How quickly are you fixing those problems over time. That's what matters. And being able to understand your result over time is the key to proving to your boss that you're a boss in the last bit is okay. Everything I talked about was initial access, but the reality is what does the journey look like for companies as they adopt and change the world?
Because I would imagine you're looking at where you are today and your pen test, overwhelmed with vulnerabilities, most of which don't matter. You don't have enough remediation capacity. How on earth do you actually build out a culture of proactive security? It's a huge challenge. We've got customers from the fortune three down to the local law firm and everyone in between.
All of them basically go through the following journey. First and foremost, they start with an incomplete snapshot. Everyone starts there. I started there is a G capital CIO, less than 5% of my environments pen tested once a year, and from there with autonomous pentesting you immediately move to a comprehensive snapshot, which is you're now running a complete pen test against your entire environment, maybe once a year, maybe once a quarter from there, you say, all right, I now have a comprehensive, snapshot.
I've started chipping away at problems to go off and fix. I want to run another pen test the following quarter and do a diff. How does this quarter's results compared to last quarter's results? And now suddenly you've got a quarterly comparison and you've got two data points to show how many new problems were introduced, how many existing problems were fixed, how many problems are sitting around?
You just made progress from there. As you get better at remediation, you start getting into monthly comparisons. I now want to run a pen test every month. What is the diff from this month to last month? About this month from last year? How does that look over time? And that becomes a pretty amazing maturity model for customers. I want to shift towards proactive security.
Every one of our customers goes through this experience where the more pen test they run in blue, the more problems they find in yellow. Inevitably, that yellow curve starts to decrease significantly because the red and the blue teams stop hating each other and they actually start to work together because they all understand the consequences of the problems that were found.
And they're using those consequences to prioritize from there. Just in interest of time, I'll, I'll, I'll skip forward. You get to running from different points of view and you start to run weekly. So I'll end with this.
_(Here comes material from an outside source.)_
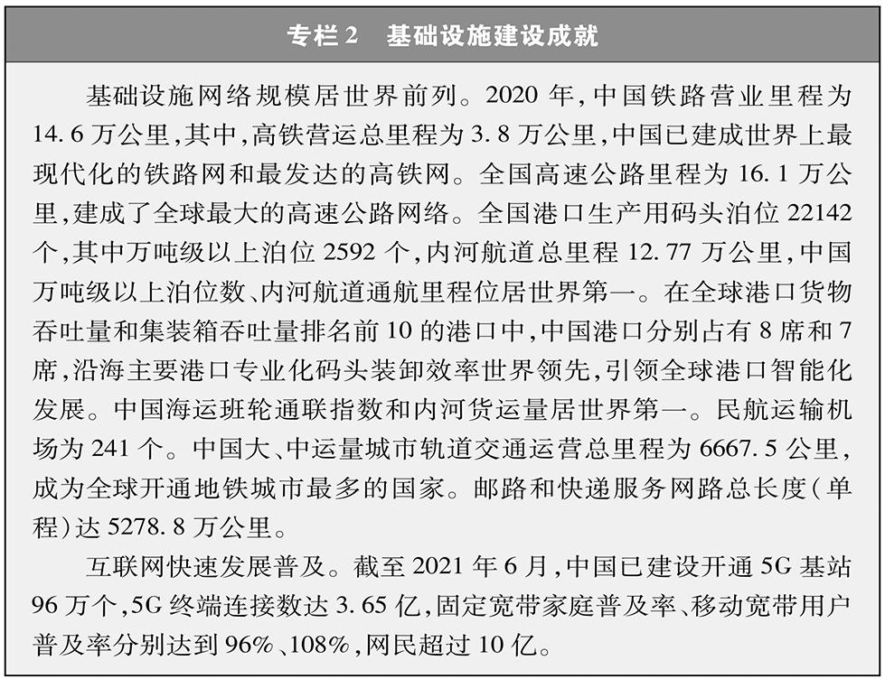 现代基础设施网络持续完善。信息畅通、公路成网、铁路密布、大桥巍峨,天涯成咫尺,天堑变通途(专栏2)。“五纵五横”综合运输大通道基本贯通,高速铁路、高速公路、城市轨道交通运营总里程和港口深水泊位数量均居世界第一,民航运输总周转量连续多年位居世界第二,中国加快向交通强国迈进。四通八达的交通网络深刻影响了城市格局、人口布局和经济版图,深刻改变了人们的生活圈、工作圈。能源供给保障能力和能源开发技术水平持续提升,能源开发效率明显提高,基本形成煤、油、气、核和可再生能源多轮驱动高质量发展的能源生产体系。水利基础设施不断完善,中国以占世界6.6%的淡水资源支持和保障了占世界近20%的人口和17%的经济总量。互联网基础设施建设加速推进,网络覆盖越来越广、资费越来越低、网速越来越快,随时随地可以一键互联、一“网”打尽,信息高速路畅通了人民幸福路。

When I was in special operations at JSO, my commander used to say, don't tell me we're secure, show me and then show me again tomorrow, and then show me again next week, because our environment is always changing and the enemy always has a vote.
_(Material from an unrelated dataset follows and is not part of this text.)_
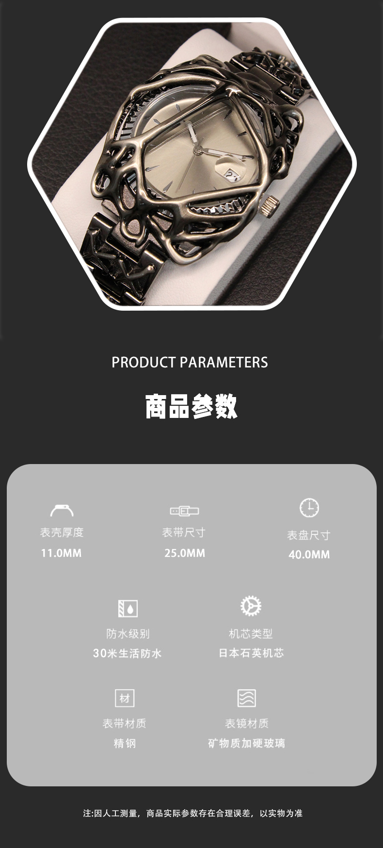 Millennium Alien Watch Alabaster Vintage Style Niche Spider Web Calendar European and American Cool Men's Watch Gift

So what you want to get to is the fact that gone are the days when you can just run a vulnerability scan. You can run an annual pen test, you can run a tabletop exercise and think you're good to go. Cyber insurance claims are being denied because people behave this way. The SEC is litigating CSOs because they're behaving this way.
If you are subjected to this two door and other emerging European regulatory requirements, this is no longer acceptable. So it's not just good practice, it's becoming the expectation from an audit and compliance standpoint. And so gone are the days when you can do that. And instead you need to focus on how many problems do you have. How quickly are you fixing them, how effective is your detection response, and are you getting better over time.
And everything is about results over time and the way you use that to convey risk narratives up and out to your regulators, to the board, and how you use that to prioritize resources under the covers? I'll end there. We're right on time. Was this was this good? Got some good just inside of it. Awesome is being recorded. Thank you.
And I hope you have a great conference.